The short answer

On 1 July 2026, the Union Budget introduced a 5% excise duty on 47 active pharmaceutical ingredients (APIs) identified as non-essential, effective 1 August 2026. This is India's first excise-duty levy on APIs in over a decade and will directly raise the landed cost of formulations manufactured with these ingredients.

Unlike GST (which is recoverable via ITC), excise duty is not creditable — meaning it flows straight into your COGS and either compresses margins or requires price increases. Manufacturers importing APIs or sourcing from domestic API makers must now remodel their input-cost assumptions and pricing strategy before August.

Advisory

Scope of 47 APIs under new excise duty

The Central Board of Indirect Taxes & Customs (CBIC) published the final list on 5 June 2026, covering analgesics, antibiotics, cardiovascular and anti-diabetic APIs. Check the CBIC notification (27/2026-Excise) to verify whether your key inputs are listed; some APIs remain exempt if they are inputs to essential medicines.

No GST credit on excise; inventory valuation impact

Unlike GST input tax, excise duty paid on API purchases cannot be offset against output GST. Existing inventory purchased pre-1 August will retain old cost; stock purchased post-1 August incurs the duty. This creates a two-tier COGS in Q2 FY2026–27 and may require separate tracking for margin analysis.

Domestic API producers face cost pass-through pressure

Domestic API manufacturers are also liable for the duty, making their ex-factory prices less competitive versus pre-duty levels. Formulation makers sourcing from domestic APIs may negotiate price adjustments; those importing may find landed costs broadly equivalent, but supplier payment terms will shift as API makers absorb duty upfront.
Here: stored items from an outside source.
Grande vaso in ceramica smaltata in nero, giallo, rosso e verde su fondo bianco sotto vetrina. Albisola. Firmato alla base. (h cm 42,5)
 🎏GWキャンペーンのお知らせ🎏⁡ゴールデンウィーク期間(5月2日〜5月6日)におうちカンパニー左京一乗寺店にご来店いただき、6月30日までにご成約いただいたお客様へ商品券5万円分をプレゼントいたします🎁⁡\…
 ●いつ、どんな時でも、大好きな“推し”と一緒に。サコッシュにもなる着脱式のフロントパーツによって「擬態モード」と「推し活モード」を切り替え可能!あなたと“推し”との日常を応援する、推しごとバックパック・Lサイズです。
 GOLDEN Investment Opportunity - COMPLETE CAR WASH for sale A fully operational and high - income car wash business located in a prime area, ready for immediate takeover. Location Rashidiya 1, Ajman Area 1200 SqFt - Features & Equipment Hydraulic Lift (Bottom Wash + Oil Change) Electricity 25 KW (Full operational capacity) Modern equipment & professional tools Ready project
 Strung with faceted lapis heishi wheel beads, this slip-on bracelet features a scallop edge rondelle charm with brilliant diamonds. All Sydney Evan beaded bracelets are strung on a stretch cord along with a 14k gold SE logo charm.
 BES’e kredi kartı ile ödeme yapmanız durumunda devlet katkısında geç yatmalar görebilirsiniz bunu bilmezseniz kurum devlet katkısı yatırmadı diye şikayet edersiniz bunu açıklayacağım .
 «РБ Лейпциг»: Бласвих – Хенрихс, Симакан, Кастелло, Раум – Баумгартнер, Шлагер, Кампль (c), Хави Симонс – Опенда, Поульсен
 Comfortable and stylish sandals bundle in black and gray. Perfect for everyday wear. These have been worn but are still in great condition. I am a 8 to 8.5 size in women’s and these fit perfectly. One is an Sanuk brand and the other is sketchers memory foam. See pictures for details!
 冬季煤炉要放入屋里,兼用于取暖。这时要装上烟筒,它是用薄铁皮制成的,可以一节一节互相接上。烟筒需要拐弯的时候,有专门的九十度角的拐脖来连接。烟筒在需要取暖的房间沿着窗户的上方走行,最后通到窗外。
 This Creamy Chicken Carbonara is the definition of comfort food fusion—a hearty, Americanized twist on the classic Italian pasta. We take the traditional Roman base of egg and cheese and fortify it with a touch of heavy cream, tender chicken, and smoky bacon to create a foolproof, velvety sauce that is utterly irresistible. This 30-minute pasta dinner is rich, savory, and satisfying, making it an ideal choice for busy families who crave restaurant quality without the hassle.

◆ What it means for you — the Vinayakam view

Formulation manufacturers and traders must treat excise duty as a non-recoverable input cost from 1 August 2026 onwards. Unlike GST, there is no Input Tax Credit mechanism, so the 5% duty reduces net margin unless prices are raised or costs cut elsewhere. CBIC has clarified that the duty applies at import (for imported APIs) and at the point of removal from domestic API plants. Vinayakam Consultants helps pharma clients audit API procurement schedules, remodel statutory cost assumptions, and map out pricing adjustments to protect margins — especially where tender or fixed-price supply contracts lock in pre-duty rates.

Your action checklist

  • Cross-check your top 20 API suppliers against the CBIC 27/2026-Excise list (published 5 June); flag which inputs will incur 5% duty from 1 August 2026.
  • Recalculate COGS and gross margin % for each formulation sku that uses a duty-liable API; quantify the margin impact if no price increase is taken.
  • Review existing supply contracts and supplier terms; identify which agreements allow price adjustment for regulatory duty changes, and negotiate amendments with suppliers before August.
  • Segregate inventory purchased pre-1 August (no duty) and post-1 August (duty-inclusive) in your accounts; inform cost accounting and GST teams to flag two-tier COGS in FY2026–27 P&L reporting.

Frequently asked questions

What is the pharma excise tax hike in India's 2026 budget?

India introduced a 5% excise duty on 47 non-essential active pharmaceutical ingredients (APIs) effective 1 August 2026, the first such levy in over a decade.

Can I claim GST credit on excise duty for APIs?

No. Unlike GST, excise duty is non-creditable and flows directly into your cost of goods sold (COGS), compressing margins or requiring price increases.

How should I value inventory purchased before and after August 2026?

Pre-1 August inventory retains old cost; post-1 August stock incurs the 5% excise duty, creating a two-tier COGS requiring separate tracking for margin analysis.